Anyone up for a meetup in or near Detroit in the first week of April?


----------



## Antarctican (Mar 13, 2008)

Come to Toronto instead!


----------



## Alex_B (Mar 13, 2008)

Antarctican said:


> Come to Toronto instead!



Ii is quite a drive up there, you know!


----------



## Kazoo (Mar 13, 2008)

There are several breweries along the way to Toronto (helps if you can get someone to be DD). 

Or there's always London.... halfway between the two, and it's full of Canadians lol.


----------



## Alex_B (Mar 14, 2008)

How many miles would London ON be from Detroit?


----------



## LaFoto (Mar 14, 2008)

Well, I would definitely want to meet you again, but unfortunately, Detroit is a "bit" out of the way for me, I don't pass by there every day ... and April's not a good time, either, what with two birthdays to come, and a tiny little TPF-Germany-Meet-Up to be prepared in May ....................


----------



## Alex_B (Mar 14, 2008)

Well, I do not really know my exact schedule in Detroit yet, and not sure when I will have free time. But I guess I will be a bit flexible.


----------



## Antarctican (Mar 14, 2008)

London is about a 2 hour drive from the border crossing at Detroit. You will have to factor in time to cross the border, and the time to get from where you're staying in Detroit to the border. It's virtually all highway driving from the border to London.


----------



## phoenix_rising (Mar 14, 2008)

What happens at these "meetups" may I ask? Is it like a meet and greet? I might be interested in a photo trip.


----------



## Antarctican (Mar 14, 2008)

^^^ Yep. You meet some fellow TPF'rs, chat, take some pics, hit a pub, maybe try each other's camera gear. Good company, good laughs, good time.  At least that's been my experience. You can check some pics from previous meetups here and here


----------



## Alex_B (Mar 15, 2008)

phoenix_rising said:


> What happens at these "meetups" may I ask? Is it like a meet and greet? I might be interested in a photo trip.



well, the people who meet-up usually decide what happens  It also depends on how many actually meet.
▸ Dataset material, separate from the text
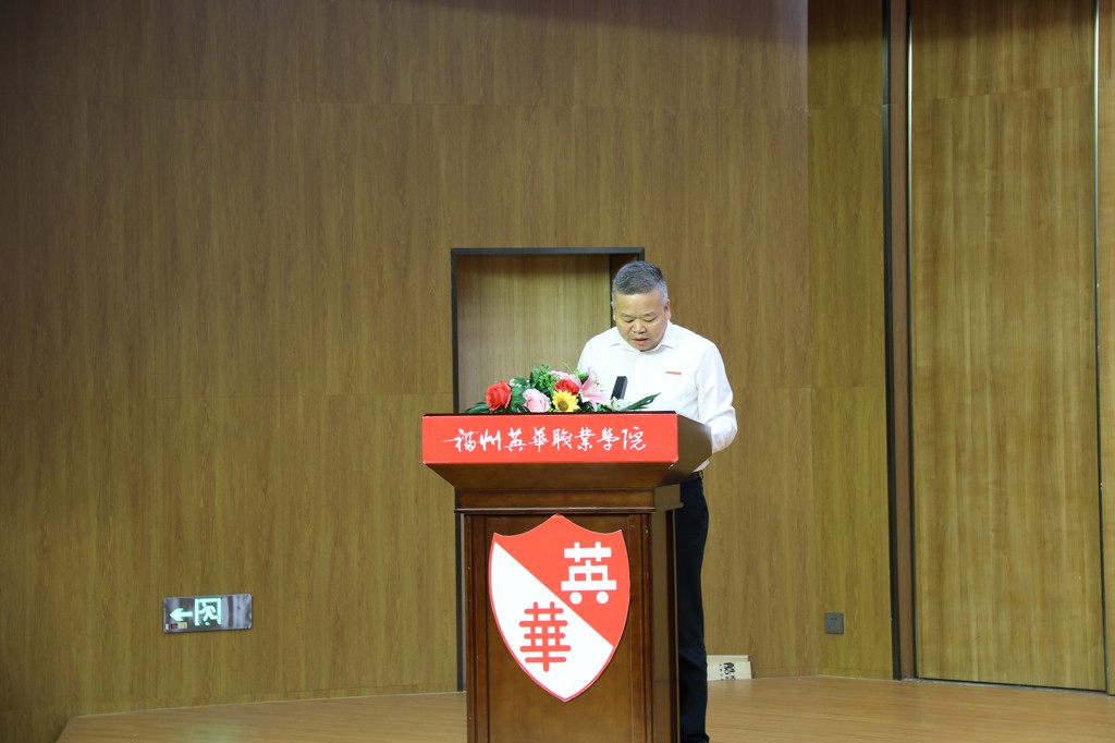 优秀毕业生家长代表肖凤琴发言。他表示,感恩学院领导、各位老师三年来对孩子们的关爱和培养,使孩子们在英华能够快乐地学习,健康地生活,度过短暂而难忘的大学生活。

Very large meet-ups might require some people to organise some things in advance. whereas mini-meet-ups can survive with no planning at all (except deciding for a place and a time to meet-up of course  ).


----------



## Kazoo (Mar 15, 2008)

There are some interesting natural spots around Windsor, with Point Pelee nearby (great spot for migrating birds, may be a bit early in the season). 

If there's a pub involved then I can likely be counted in.
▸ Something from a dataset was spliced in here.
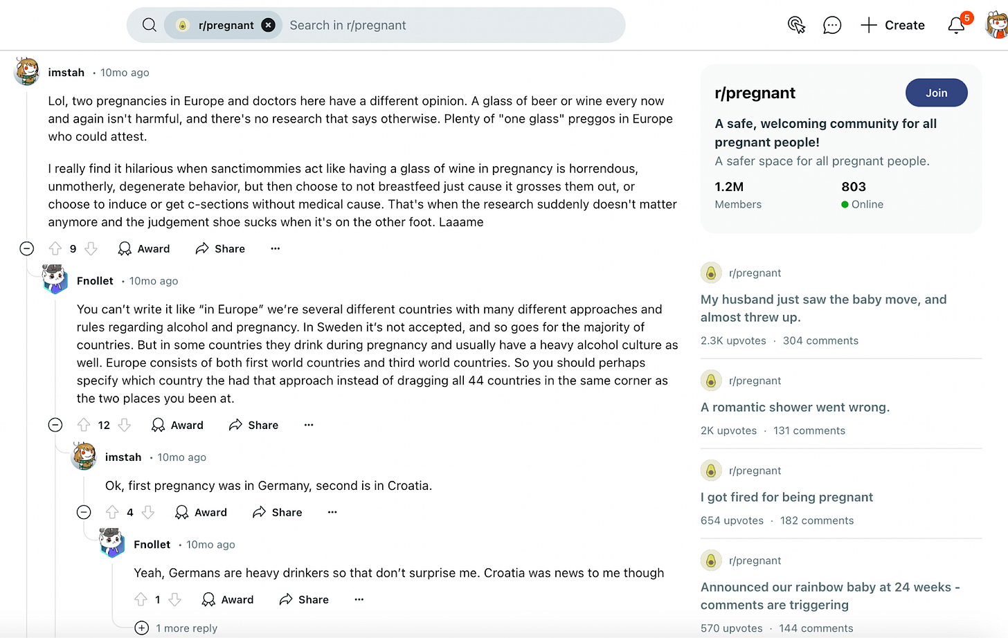 For example, here’s the advice u/oilydischarge18 gave to u/Olt1994 about the continued use of antidepressants in pregnancy: “You can absolutely stay on antidepressants. A depressed mother is much worse for a baby than some of the medications available.” Chimed in user u/RottenPotato1020: “Sweetheart, do not talk to your GP about this, they are not qualified like an OB. Your OB would definitely want you on the meds. Sertraline is very safe in pregnancy and breastfeeding. ❤️” Or, finally, says u/imstah about drinking wine while pregnant: “I really find it hilarious when sanctimommies act like having a glass of wine in pregnancy is horrendous, unmotherly, degenerate behavior, but then choose to not breastfeed just cause it grosses them out, or choose to induce or get c-sections without medical cause. That's when the research suddenly doesn't matter anymore and the judgement shoe sucks when it's on the other foot. Laaame [sic].”

Wonder if Sideburns has seen this yet - he lives nearby in Windsor.


----------



## Jermz_01 (Mar 15, 2008)

Alex - I'd love to meet up (I live near Detroit)... but...
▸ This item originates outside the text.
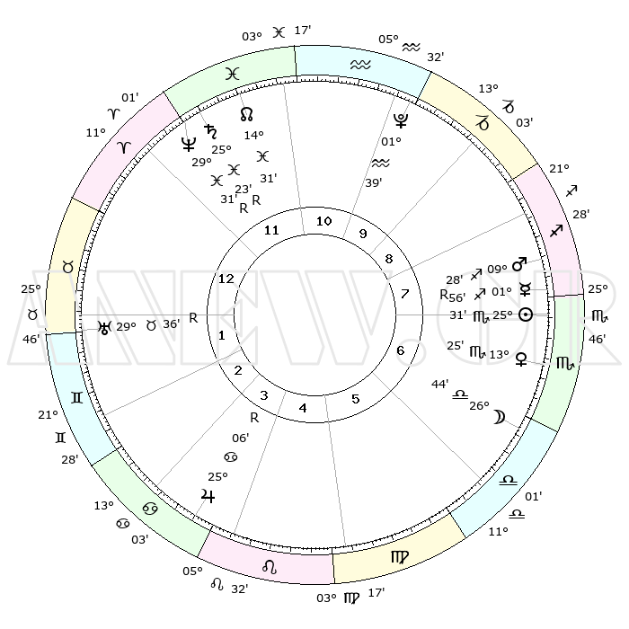 | | ΘΕΣΕΙΣ ΠΛΑΝΗΤΩΝ ΑΣΤΡΟΛΟΓΙΚΟΥ ΧΑΡΤΗ ΤΗΣ ΣΤΙΓΜΗΣ ΑΥΤΗΣ | | | | Πλανήτης | Ζώδιο | Μοίρες | Δεκαήμ. | Σε οίκο | Απόκλιση | | Ακμές των οίκων | | Ηλιος | Σκορπιός | 25°26' | Τρίτο | 8 | 19 S 07 | | 1ος | 07°26' | Κριός | | Σελήνη | Ζυγός | 25°38' | Τρίτο | 7 | 12 S 54 | | 2ος | 15°51' | Ταύρος | | Ερμής | Τοξότης | 02°02'R | Πρώτο | 8 | 20 S 59 | | 3ος | 12°09' | Δίδυμοι | | Αφροδίτη | Σκορπιός | 13°18' | Δεύτερο | 7 | 14 S 44 | | 4ος | 04°10' | Καρκίνος | | Αρης | Τοξότης | 09°24' | Πρώτο | 8 | 22 S 24 | | 5ος | 26°51' | Καρκίνος | | Δίας | Καρκίνος | 25°06'R | Τρίτο | 4 | 21 N 14 | | 6ος | 25°26' | Λέων | | Κρόνος | Ιχθείς | 25°23'R | Τρίτο | 12 | 04 S 03 | | 7ος | 07°26' | Ζυγός | | Ουρανός | Ταύρος | 29°36'R | Τρίτο | 2 | 19 N 51 | | 8ος | 15°51' | Σκορπιός | | Ποσειδώνας | Ιχθείς | 29°31'R | Τρίτο | 12 | 01 S 26 | | 9ος | 12°09' | Τοξότης | | Πλούτωνας | Υδροχόος | 01°39' | Πρώτο | 11 | 23 S 28 | | 10ος | 04°11' | Αιγόκερως | | Β. Δεσμός | Ιχθείς | 14°31' | Δεύτερο | 12 | 06 S 05 | | 11ος | 26°51' | Αιγόκερως | | Ωροσκόπος | Κριός | 07°26' | Πρώτο | | | 12ος | 25°26' | Υδροχόος | | Μεσουράνημα | Αιγόκερως | 04°11' | Πρώτο | | | |

with a housing change, a marriage, a potential career change, and about 30 other life changing things going on... I'm afraid my schedule is horribly filled!!  doh!


----------



## Alex_B (Mar 17, 2008)

Jermz_01 said:


> Alex - I'd love to meet up (I live near Detroit)... but...
> 
> with a housing change, a marriage, a potential career change, and about 30 other life changing things going on... I'm afraid my schedule is horribly filled!!  doh!



leaving aside the marriage, that sounds pretty much like my life 

Well, still some days / weeks to go, so we can still see if we manage to arrange anything.


----------